The museum's indoor exhibits were housed on the two floors of a former quayside transit shed.

===Road transport===
On the lower floor was the transport gallery, which housed various land transport exhibits with a particular Bristol slant. Exhibits included what is believed to be the world's first purpose-built holiday caravan to be compared with a 1950s equivalent, the Grenville steam carriage, bicycles, motorcycles, cars, carriages and buses.

===Aviation===
On the upper floor the aviation gallery told the story of Bristol's involvement in aircraft manufacture and contained a collection of Bristol-made aero engines, a Bristol-built helicopter, a mock-up flight deck of Concorde and scale models showing the many aircraft built in the city. On the same floor the story of the Port of Bristol was told with models, paintings and other exhibits.

===Print & Pack===
The adjacent Print & Pack gallery told the story of one of Bristol's biggest industries with machinery and products.
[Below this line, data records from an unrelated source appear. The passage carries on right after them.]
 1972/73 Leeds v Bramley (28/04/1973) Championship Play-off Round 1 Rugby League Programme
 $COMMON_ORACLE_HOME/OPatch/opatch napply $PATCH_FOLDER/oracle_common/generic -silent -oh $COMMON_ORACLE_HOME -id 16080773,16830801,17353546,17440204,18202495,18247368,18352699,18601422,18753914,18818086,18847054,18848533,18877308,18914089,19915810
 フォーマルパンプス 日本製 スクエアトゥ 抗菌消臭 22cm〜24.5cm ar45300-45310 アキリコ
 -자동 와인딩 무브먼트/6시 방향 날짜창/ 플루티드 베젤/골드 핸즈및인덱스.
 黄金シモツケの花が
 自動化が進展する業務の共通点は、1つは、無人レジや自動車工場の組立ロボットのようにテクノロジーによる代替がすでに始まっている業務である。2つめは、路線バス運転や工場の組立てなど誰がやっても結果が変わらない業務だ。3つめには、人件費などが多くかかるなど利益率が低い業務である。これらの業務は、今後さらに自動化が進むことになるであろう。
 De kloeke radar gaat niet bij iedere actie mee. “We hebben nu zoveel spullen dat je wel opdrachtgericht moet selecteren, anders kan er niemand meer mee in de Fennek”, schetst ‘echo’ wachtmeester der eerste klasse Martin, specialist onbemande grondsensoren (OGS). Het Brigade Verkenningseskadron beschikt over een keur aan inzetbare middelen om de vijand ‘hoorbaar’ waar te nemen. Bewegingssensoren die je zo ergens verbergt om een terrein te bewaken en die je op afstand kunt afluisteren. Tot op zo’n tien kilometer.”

This was a particularly popular working exhibit, with live demonstrations of printing machinery such as Linotype and Letterpress. These same exhibits also printed many of the museum's own leaflets, tickets and flyers.
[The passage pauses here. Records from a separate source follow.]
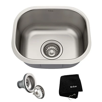 Kraus KBU16 15 inch Undermount Single Bowl 18 Gauge Stainless Steel Kitchen Sink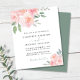 Budgetvänlig inbjudan till elegant bröllop med vattenfärgade buketter av blommigtar för rosa och ljusglänsande, snyggt och modern typografi.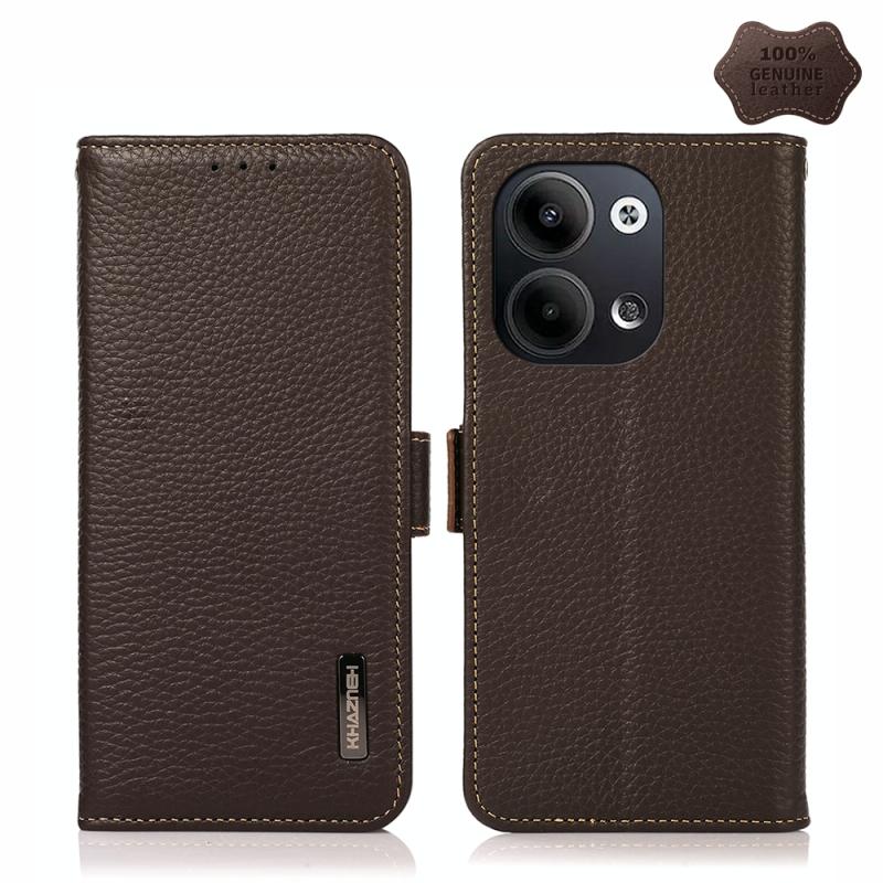 Θήκη τηλεφώνου με μαγνητικό κλείσιμο και γνήσιο δέρμα Litchi για OPPO Reno9 / Reno9 Pro KHAZNEH (Καφέ)

===Bristol and Transatlantic Slavery gallery===
Elsewhere in the museum, the Bristol and Transatlantic Slavery gallery told the story of Bristol's involvement in the trans-Atlantic slave trade between the UK, Africa and the Caribbean, from its early days through abolition and to recent times.

===Historic ships, cranes and trains===
Normally moored in front of the developing new museum is the collection of historic vessels, which included the 1934 fireboat Pyronaut and two tugs: John King built as a diesel tug in 1935 and Mayflower, the world's oldest surviving steam tug built in 1861.

On the quayside outside the museum are four electrically powered cargo cranes built in 1951 by Stothert & Pitt. A short distance to the west is much older crane, the sole surviving operational example of a Fairbairn steam crane. Built in 1878, also by Stothert & Pitt, it was in regular use until 1973 loading and unloading ships and railway wagons with loads up to 35 tons. It has been restored and is in working order, operating on some bank holidays and the Bristol Harbour Festival. Bristol Harbour Railway continues to offer train rides along the quayside on bank holidays, using restored steam locomotives and rolling stock.